* WORK TASK: Only the pictures are dropped. Restate each line below word for word.

* MATERIAL PROVIDED:
-------------------------

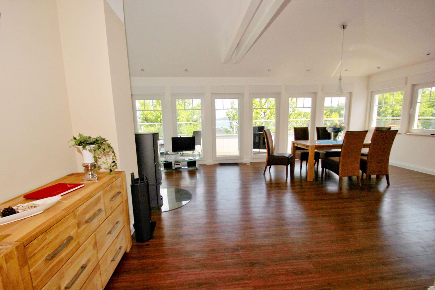 WOHNEN // Wohnraum mit Essbereich, Sitzgarnitur mit bequemer Couch, Kaminofen, Flachbild-TV (Kabel), Radio ++
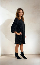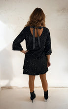 Glittrande glamour med en feminin touch ✨ Paljettklänning Alicia från Mirelle Design är en festlig klänning täckt av skimrande paljetter med en elegant öppen rygg som knyts med en svart rosett. En klänning som kombinerar stil, komfort och festkänsla på bästa sätt. Passformen är ledig och bekväm, vilket gör den lika perfekt för middagsbjudningar som till julens eller nyårets festligheter.
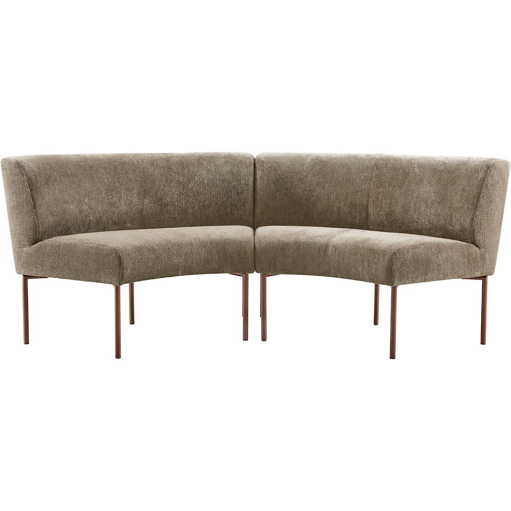 Deze eetbank bank is uitgevoerd met een hoogwaardige weefstof in een neutrale grijs-beige tint, die heerlijk zacht aanvoelt en een subtiel 3D-effect heeft. Dit geeft de bank een volumineuze en luxe uitstraling. Dankzij het ronde hoekontwerp en het tweedelige systeem kan de bank eenvoudig aan elkaar gekoppeld worden, waardoor hij perfect aansluit bij ronde eettafels. Het zwarte metalen onderstel geeft de bank een stijlvolle en eigentijdse uitstraling.
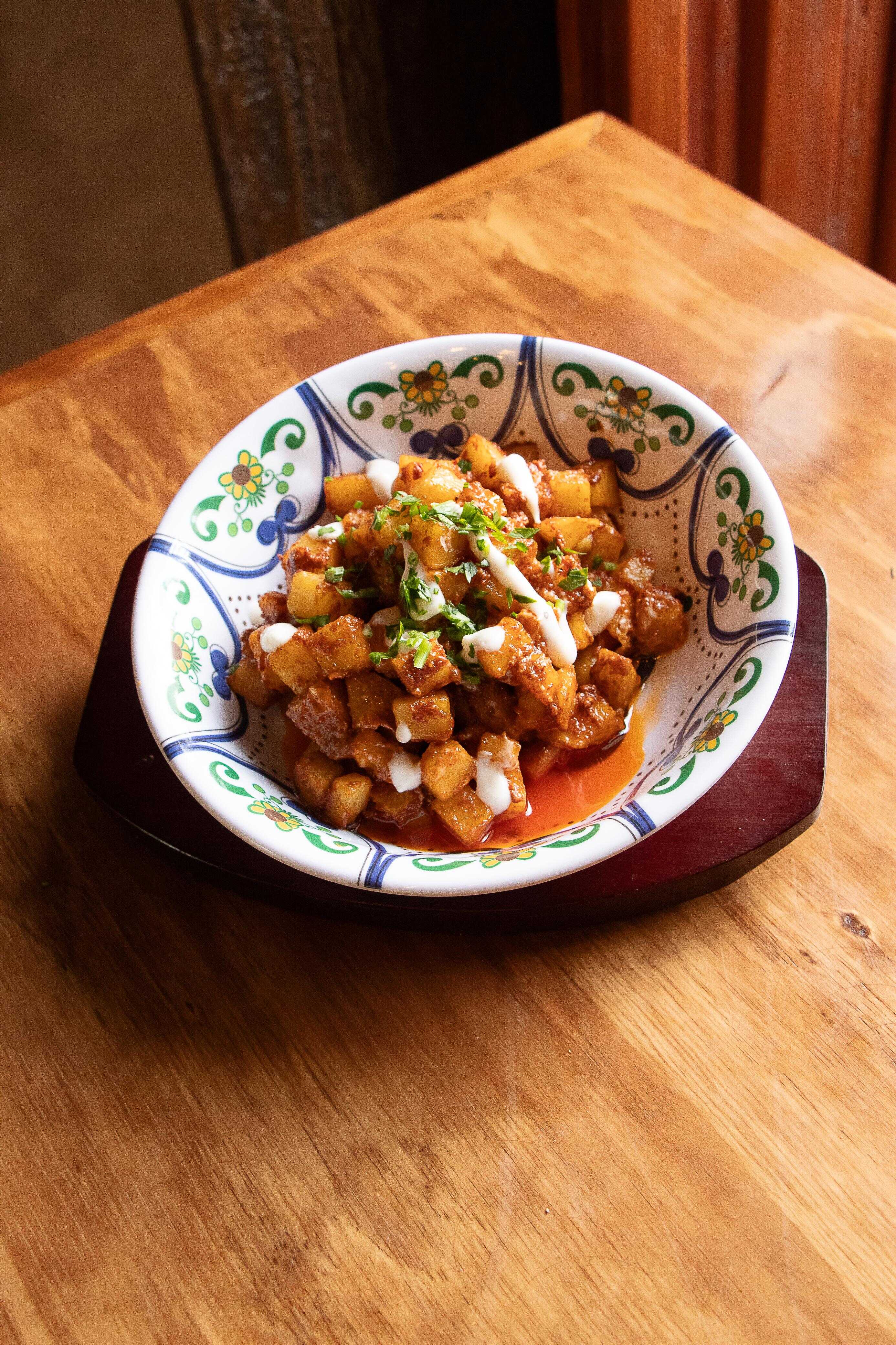Patatas confitadas, bañadas en salsa de la casa y alioli.

-------------------------

* EXERCISE SOLUTION:
 WOHNEN // Wohnraum mit Essbereich, Sitzgarnitur mit bequemer Couch, Kaminofen, Flachbild-TV (Kabel), Radio ++
 Glittrande glamour med en feminin touch ✨ Paljettklänning Alicia från Mirelle Design är en festlig klänning täckt av skimrande paljetter med en elegant öppen rygg som knyts med en svart rosett. En klänning som kombinerar stil, komfort och festkänsla på bästa sätt. Passformen är ledig och bekväm, vilket gör den lika perfekt för middagsbjudningar som till julens eller nyårets festligheter.
 Deze eetbank bank is uitgevoerd met een hoogwaardige weefstof in een neutrale grijs-beige tint, die heerlijk zacht aanvoelt en een subtiel 3D-effect heeft. Dit geeft de bank een volumineuze en luxe uitstraling. Dankzij het ronde hoekontwerp en het tweedelige systeem kan de bank eenvoudig aan elkaar gekoppeld worden, waardoor hij perfect aansluit bij ronde eettafels. Het zwarte metalen onderstel geeft de bank een stijlvolle en eigentijdse uitstraling.
Patatas confitadas, bañadas en salsa de la casa y alioli.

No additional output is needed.